Explain how you find ordered-pair solutions of the equation 3x – 5y = 15, and then find two such solutions.
To find ordered-pair solutions of the equation 3x - 5y = 15, you can use a method called substitution. Here are the steps:
Step 1: Choose a value for one of the variables. It can be any value you like. Let's choose x = 2 for the first solution.
Step 2: Substitute the chosen value into the equation and solve for the other variable.
3(2) - 5y = 15
6 - 5y = 15
-5y = 15 - 6
-5y = 9
y = 9/-5
y = -9/5
So the first solution is (2, -9/5).
Step 3: Repeat steps 1 and 2 to find another solution.

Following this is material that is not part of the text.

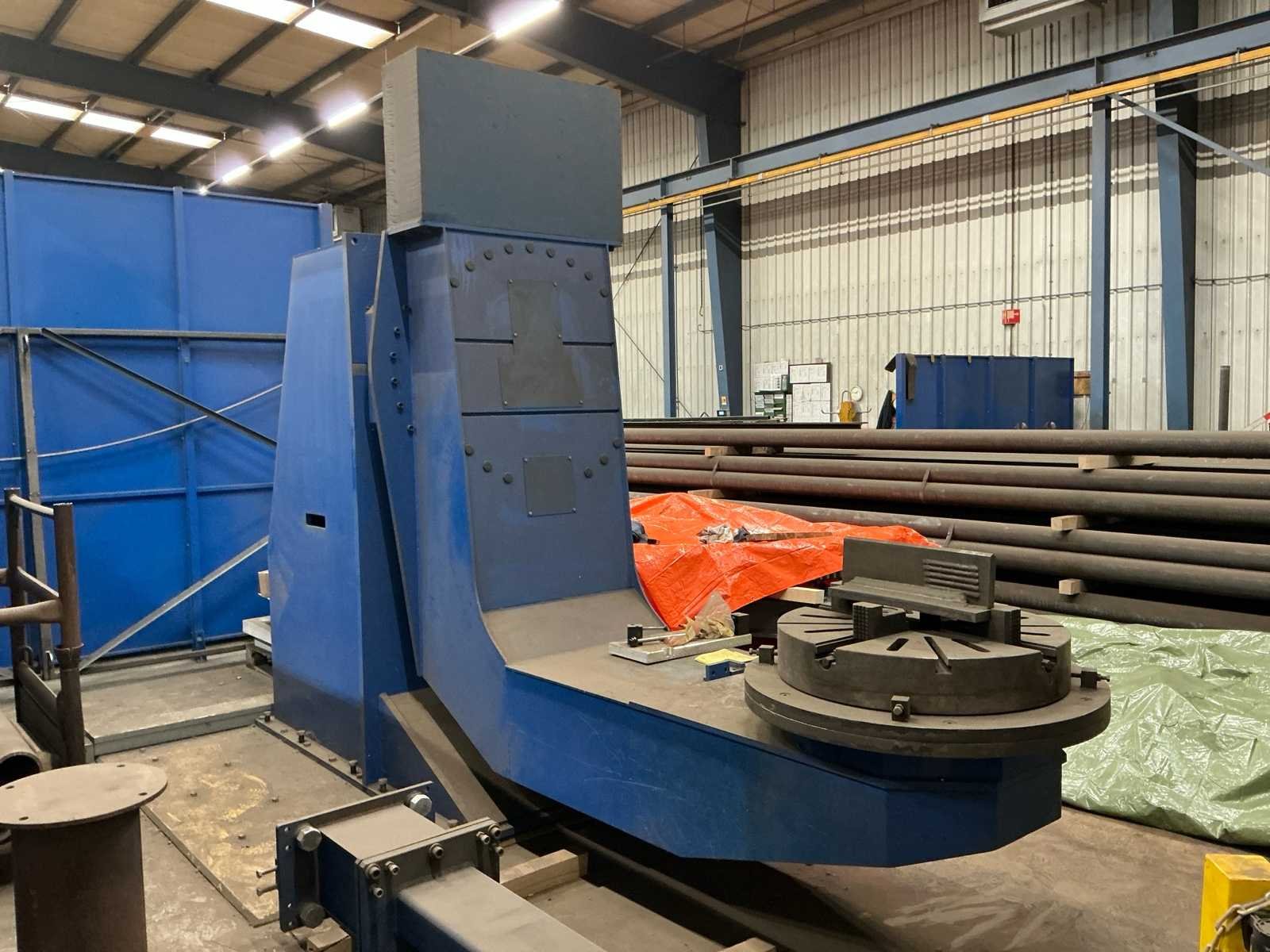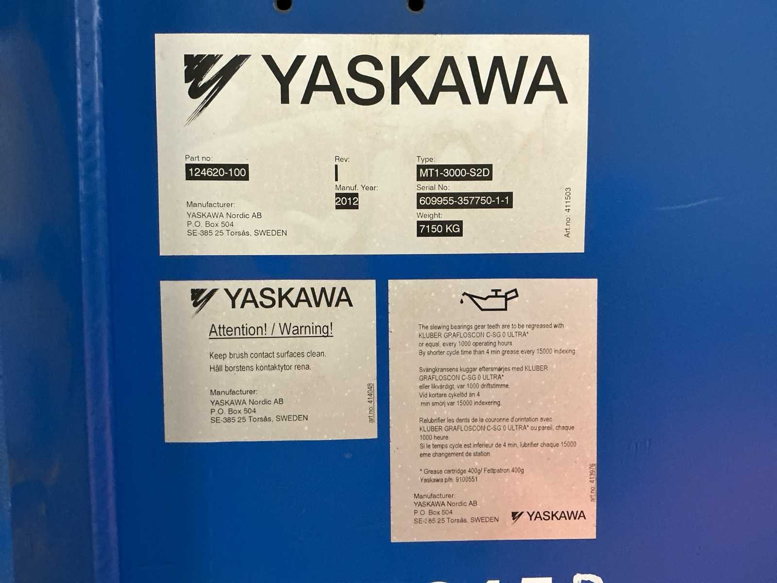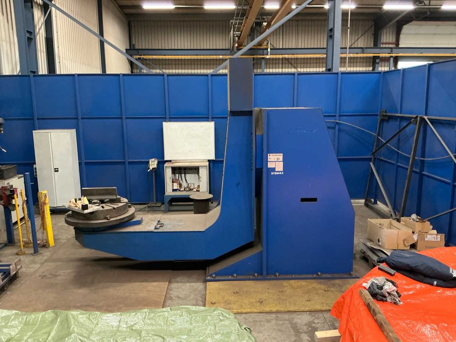 Bestaat uit: lasrobot, huidige opstelling 8000x5000mm, Yaskawa MT1-3000-S2D, MIG/MAG of TIG-laswerkplekken, aantal assen, 2-as (tilt + rotatie), maximaal draagvermogen 3,000 kg, ilting-as (tilt-as) — statisch / dynamisch koppel± 15.058 Nm (dynamic / static) in de MT1-3000S2D specificatie, tilting-as rotatiesnelheid (nominaal) 0 – 1.9 rpm (nominaal), max. ≈ 2.5 rpm, rotatie-as (turntable) — statisch / dynamisch koppel ± 10.498 Nm (dynamic / static) voor de rotatie-as volgens MT1-3000S2D datasheet, rotatie-as rotatiesnelheid (nominaal / max) 0 – 2.7 rpm (nominaal), max. ≈ 3.6 rpm, maximale verplaatsing van het zwaartepunt (offset COG) ≈ 285 mm (voor tilt/rotate configuratie zoals MT1-3000), gewicht unit (positioner zelf) ca. 7,061 kg voor MT1-3000S2D (volgens datasheet), station-configuratie 1 station (enkel positioneringsstation), toepassing voor manipulatie, positionering van werkstukken — veelvuldig gebruikt bij lassen, snijden, handling van zware onderdelen, ronius FK 4000-r Fc, koelvermogen: 1360 W (bij 25 °C en een debiet van 1 l/min), koelvloeistofcapaciteit: 5,5 liter, maximale opvoerhoogte: ~30.000 mm (30 m)., vloerplaat manipulator 2500x2800x30, voetplaat onder rotatie 2060x3000x10mm, lasrobot Yaskawa Motoman MH50-20, draagvermogen: 20 kg, aantal assen: 6, bereik: 3.106 mm, herhaalbaarheid: ±0,15 mm, massa (robot): 495 kg, montage: vloer, controlleropties: DX100, DX200, toepassingen: booglassen, coaten, doseren, machinebediening, materiaalbehandeling, snijden, incl.SICK M4000 veiligheidslichtscherm, veiligheidsinrichting met meerdere lichtbundels. Compleet werkende installatie, met veel nieuwe slijtdelen. Complete documentatie aanwezig, handleidingen, schema's. Lasrobot, manipulator, adapters, slede, koelunit, lasapparaat, schakelkast, kabelgoten met kabels, veiligheidshekken, en veiligheid lichtscherm, vloerplaten. Alles nog opgesteld, professionele demontage voor koper, datum en tijdstip in overleg met verkoper. Nee Merk: Yaskawa Type: MT1-3000-S2D Bouwjaar: 2012 Serienummer: 609955-357750-1-1 Draagcapaciteit: 3000kg Aantal assen: 6 Bedieningsunit type: DX100 - DX200 Merk en type lasmachine: Yaskawa Aansluiting: 400V Machinegewicht: 7150kg Afmeting l: 4200mm Afmeting b: 1300mm Afmeting h: 3100mm

Let's choose x = 5 this time.
Step 4: Substitute the chosen value into the equation and solve for the other variable.
3(5) - 5y = 15
15 - 5y = 15
-5y = 0
y = 0/-5
y = 0
So the second solution is (5, 0).
Therefore, the two ordered-pair solutions of the equation 3x - 5y = 15 are (2, -9/5) and (5, 0).
To find ordered-pair solutions of the equation 3x - 5y = 15, we need to substitute different values for x and y and see when the equation holds true.
1. Start by choosing a value for x. Let's say we pick x = 0 for the first solution.
- Substitute x = 0 into the equation: 3(0) - 5y = 15.
- Simplify: -5y = 15.
- Solve for y: y = -3.
- So, the first ordered-pair solution is (0, -3).
2. Now, choose a different value for x. Let's choose x = 5 for the second solution.
- Substitute x = 5 into the equation: 3(5) - 5y = 15.
- Simplify: 15 - 5y = 15.
- Solve for y: -5y = 0.
- Simplify further: y = 0.
- Therefore, the second ordered-pair solution is (5, 0).
So, the two ordered-pair solutions of the equation 3x - 5y = 15 are (0, -3) and (5, 0).